On linux ubuntu 22.04, relik 1.0.7 did also work with python 3.11 in addition to python 3.10 with virtualenv doing the switch to both.

stevereiner commented 1 month ago

\relik\retriever\indexers\document.py", line 11, in csv.field_size_limit(sys.maxsize) change to csv.field_size_limit(min(sys.maxsize, 2147483646)) fixes Windows problem

See https://stackoverflow.com/questions/54514998/python-3-7-64-bit-on-windows-7-64-bit-csv-field-larger-than-field-limit-13

stevereiner commented 1 month ago

Also with a clean new python 3.12.6 install on linux ubuntu 22.04 with just pip install relik==1.0.6 in virtualenv The import relik worked fine (don't get the errors I had in issue #14 ) So I don't think the change in 1.0.7 to prevent install with python 3.12 is needed.

Riccorl commented 1 month ago

Fixed by #16, closing.

harrisonfloam commented 4 weeks ago

Hate to say it, but I don't think this issue was solved. I'm still encountering the same OverflowError on import in a clean conda environment using Python 3.10.x.
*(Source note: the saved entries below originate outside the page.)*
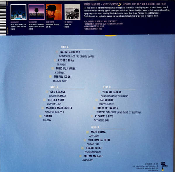 This volume of Pacific Breeze, like its predecessors, is a female-forward offering with many tracks being voiced by women who would become household names in Japan as actresses and pop idols. Their songs here subvert the norm and brim with an innovative spirit that shatters gender roles in favor of sonic transcendence. Techno-pop classics from Susan, Miharu Koshi and Chiemi Manabe sit alongside sublime funk from Atsuko Nina and Naomi Akimoto while Teresa Noda slides into the mix with a sultry reggae jam. The genre span is stretched wider with hypnotic jazz fusion by Parachute and Hiroyuki Namba, a synthesizer fantasy from Osamu Shoji, and magnetic pop by Makoto Matsushita and Chu Kosaka.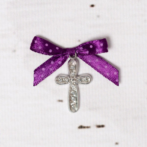 Comanda acum produsul "Cruciulite botez cu strassuri transparente si fundita mov cu buline".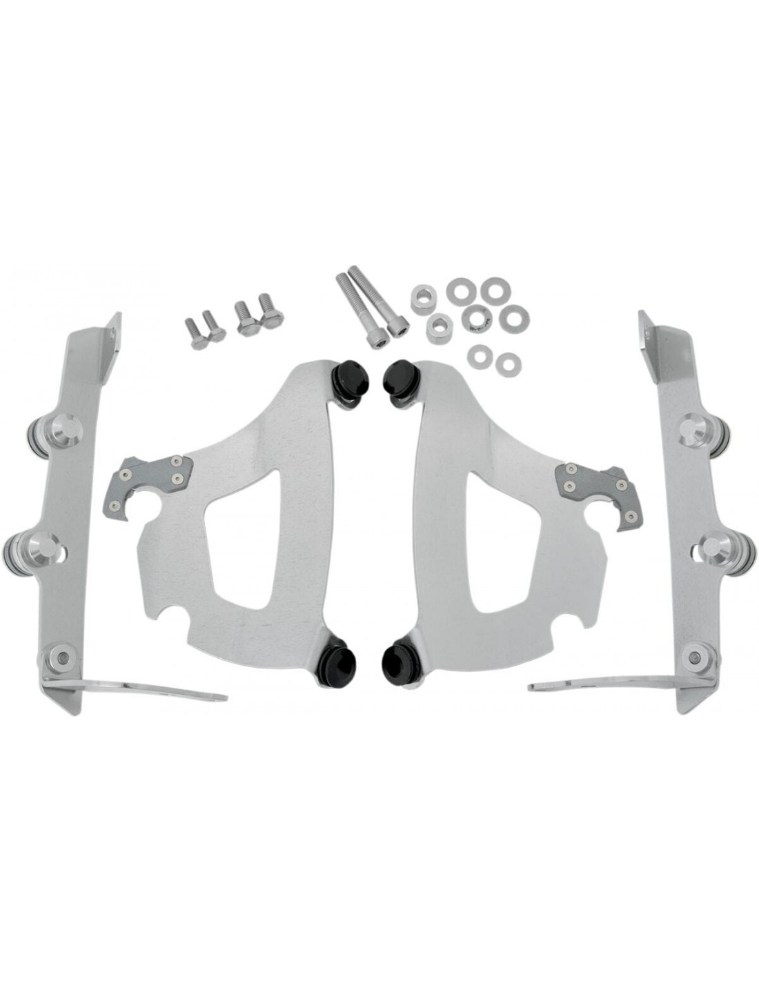 Memphis Shades MetricKit di montaggio carenatura memphis shades bulletinstallazione specifica e semplice per il modello, senza ricorrere ad attrezzi di montaggio/smontaggio una coppia di agganci in fibra di vetro e nylon lo blocca fino a quando gli attacchi a sgancio rapido con molla non vengono disinseriti intenzionalmente esclusivamente in alluminio galvanizzato e acciaio inossidabile, con elementi di fissaggio in acciaio inossidabile. il materiale per il montaggio di ancoraggio è identico per tutti i parabrezza e le carenature di ciascuna moto. made in usa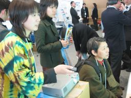 | レーザーポインターでスクリーン上を指し示しながら、天文台の 操作(マウスのクリック手順など)を説明します。 | 有賀さんは今回の展示で初めてインターネット天文台に触れました が、操作に説明にと大活躍でした。嵐のような二日間(初日は実際、 大雪)が過ぎ、大成功の展示でした。 |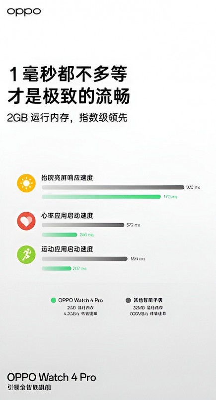 Đáng chú ý, thời gian phản hồi của màn hình được cải thiện từ 922ms lên 770ms, trong khi tốc độ khởi chạy ứng dụng đo nhịp tim giảm từ 572ms xuống 246ms và thời gian khởi động ứng dụng thể thao được rút ngắn từ 594ms xuống 207ms.

Let me know if it makes sense for me to open a new issue.

Error Traceback:

---------------------------------------------------------------------------
OverflowError                             Traceback (most recent call last)
Cell In[3], line 1
----> 1 import relik
File c:\Users\XXXX\AppData\Local\miniconda3\envs\relik\lib\site-packages\relik\__init__.py:1
----> 1 from relik.inference.annotator import Relik
File c:\Users\XXXX\AppData\Local\miniconda3\envs\relik\lib\site-packages\relik\inference\data\objects.py:8
----> 8 from relik.retriever.indexers.document import Document
File c:\Users\XXXX\AppData\Local\miniconda3\envs\relik\lib\site-packages\relik\retriever\indexers\document.py:11
---> 11 csv.field_size_limit(sys.maxsize)
OverflowError: Python int too large to convert to C long

Error reproduced with: Python: 3.10.12 - 3.10.14 Relik: 1.0.7 Environment:

stevereiner commented 4 weeks ago
  1. fix was in my first pull request after Relik 1.0.7 to fix overflow error on windows that was pulled in the main source but not in a released version (also would allow python 3.12 again)
  2. I have 2nd pull request that fixes building from source on Windows, adds note to README.md about performance slower vs Linux (could be in LlamaIndex Extractor or Relik) and need to have a main function. Also put in to be 1.0.8 when next released. This second pull request hasn't been pulled.